Spiritual Work in the Vineyards of God

“It is preferable for man to go through sufferings rather than spend an easy, luxurious life; it is preferable for man to stay all day in the vineyard, to get blisters on his hands and to get his face sunburned rather than have no blisters and his face remain fair, not touched by the Sun. One who works at the Divine Vineyard will always have a share in it. Nature likes hard-working, diligent people while it turns its back on lazy people. … If you work, nature will help you and God will assist you.” ~Biensa Douno

Workers Rule!

If you would believe the people currently running most countries in the world, you would believe that greed and laziness are great virtues. Likewise, if you believe most in the medical community, you will hide as much as possible from the sun that is out to get you. Both of those beliefs, however, are wrong, especially for spiritual people.

This doesn’t mean you have to suffer in the sense that is often depicted in movies where saints could only achieve enlightenment after suffering greatly by prosecution, painful disease, or the death of loved ones. While it is true that such events can trigger one to began searching for spiritual truth, that doesn’t mean such extreme suffering is necessary.

On the other hand, if you think that just closing your eyes and visualizing yourself as an enlightened master will make it happen, you are also wrong. Thinking about it and visualizing it can be helpful. The most important thing, however, is working at it. Like everything else in the realm of matter, things spiritual must be earned.

Spiritual Work

Suppose one day you are walking down a hiking trail where there a re few people. You come upon a man trapped in a hole waist deep. He calls to you and asks you to help him get out of the hole. You look more closely and see that nothing is holding him in the hole. He is not paralyzed, or otherwise unable to help himself. Yet he stays there waiting for help when he could climb out of the hole himself with little difficulty. What would you think of that man? Not much, I would think. Yet the attitude of many with regard to spiritual growth and development is similar.

We are trapped in the “hole” of the material universe. And a true hellhole it is if you truly pay attention to what is going on. Yet when it come to escaping that world, we find the following:

  • Some accept that there is a greater, better, spiritual world beyond the physical, but think noting needs to be done to get there.
  • Some think that instead of showing us what we must each do to save ourselves, Jesus saved all of us at once, so we need not lift a pale, pudgy finger.
  • Others believe that just wishing for it, forming a picture of it in their minds, will make it happen.
  • Many simply don’t care. They are content with rolling around in the mud and blood of the physical plane.

None of those attitudes was ever taught by any great spiritual or religious leader. Nor were they taught by the great philosophers or prophets. Nearly all such people emphasized the need for work Hard work. Steady work. Continuing to work in the face of adversity, illness, and other difficulties. None ever said we could just sit on our butts and they would do it for us. When Jesus said “follow me,” he meant that we should do as he was doing, not sit and watch him do it and claim that he had done it all for us. Spiritual work is not just allowed, it is required of us.

Divine Vineyard

Douno chooses an interesting metaphor when he talks about working in the ‘Divine Vineyard”. We can look at the symbology for vineyards in general to get an idea of what he means.

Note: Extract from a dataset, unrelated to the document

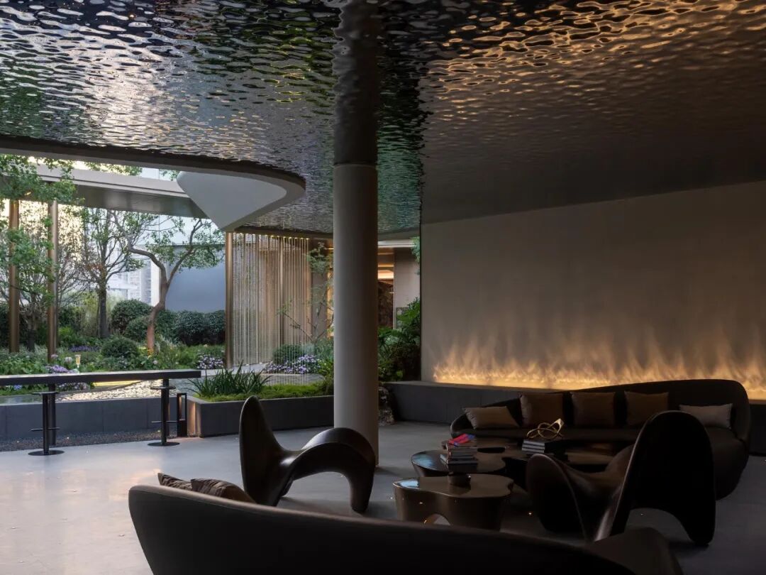 抬升场地,打造一个高品质的星空酒廊会客空间,而下层则设置了一个半私密的区域,营造出岩洞瀑布跌落的独特景观——山涧溪谷。

Grapes are often symbolic of abundance and health. In the ancient world, water was rarely clean enough to drink. Wine, however, could be drank without getting sick. Jesus once referred to Himself as the grapevine of the Father (John 15). Wine made from grapes also has spiritual symbology.

Wine is used in the greatest of the Chistian sacraments. It was also considered sacred before the Christian era. Numerologists say that bread and wine together symbolizes spiritual rebirth.

In Celtic, and other early groups, vines in general symbolized connections and how everything is interwoven.

A vineyard, as a place where the grape vines grow, is an ideal place for the spiritual person to do spiritual work in. That is especially when it is a symbolic vineyard. This Divine Vineyard where spiritual work is done is the groups of believers and seekers trying to gain personal enlightenment, and also helping others do the same. That is the type of spiritual work Mr. Douno is talking about.